Exercise description:
Would you copy the listing below exactly, keeping the pictures out?

Dataset excerpt:
::::

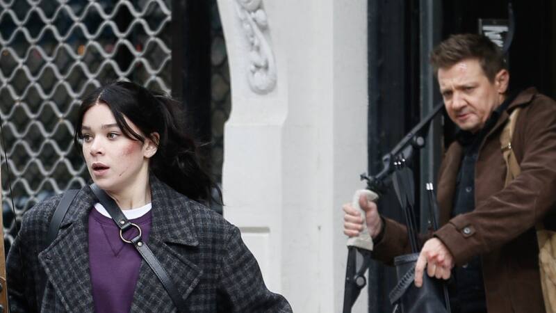Si bien aún no hay detalles sobre la trama de la serie, esta foto del set muestra que el arquero interpretado por Jeremy Renner lleva un carcaj con el logo de la organización mientras camina junto a Kate Bishop y el perrito que los acompañará en sus aventuras.
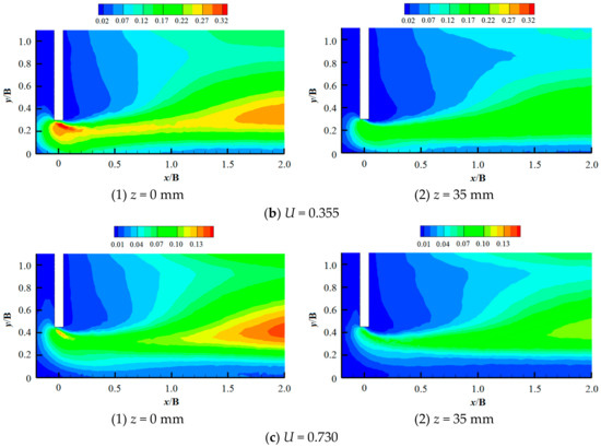 z = 35 mm. The different magnitude of turbulent kinetic energy is one of the significant factors affecting the gate vibration extremum. The experiment proved that the extremum of vibration displacement on section
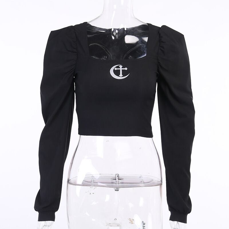 ダークブラック秋物ウィンタークロップドスリーブトップス レディーストレンドプリント長袖 ロング オータム 冬物 Tシャツ スクウェア YU10089813559
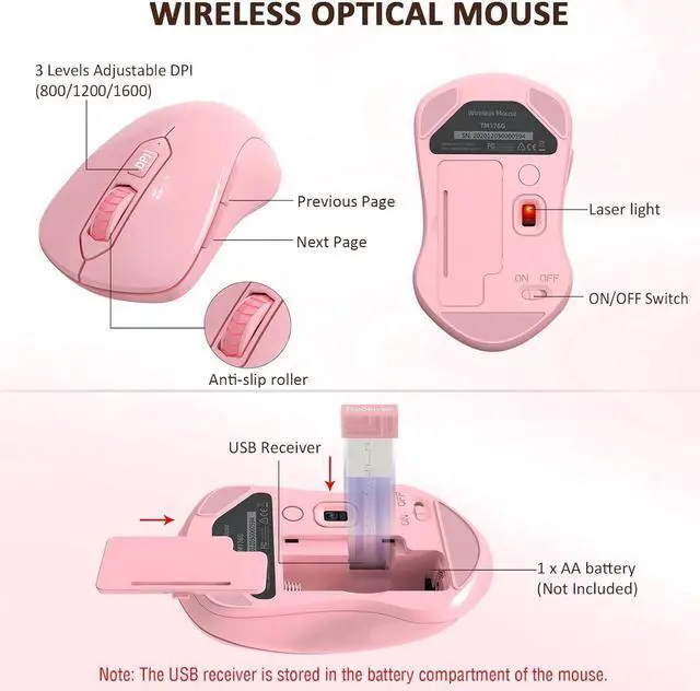 The mouse was optical design, even on some smooth surfaces, precise control can be obtained. 3-level adjustable DPI (800/1200/1600) allows you to choose your favorite moving speed of cursor. In addition, this wireless mouse is symmetry design, no matter you are Right handed Left handed, both hands are available, suitable for all people.

::::

Answer for this exercise:
Si bien aún no hay detalles sobre la trama de la serie, esta foto del set muestra que el arquero interpretado por Jeremy Renner lleva un carcaj con el logo de la organización mientras camina junto a Kate Bishop y el perrito que los acompañará en sus aventuras.
 z = 35 mm. The different magnitude of turbulent kinetic energy is one of the significant factors affecting the gate vibration extremum. The experiment proved that the extremum of vibration displacement on section
 ダークブラック秋物ウィンタークロップドスリーブトップス レディーストレンドプリント長袖 ロング オータム 冬物 Tシャツ スクウェア YU10089813559
 The mouse was optical design, even on some smooth surfaces, precise control can be obtained. 3-level adjustable DPI (800/1200/1600) allows you to choose your favorite moving speed of cursor. In addition, this wireless mouse is symmetry design, no matter you are Right handed Left handed, both hands are available, suitable for all people.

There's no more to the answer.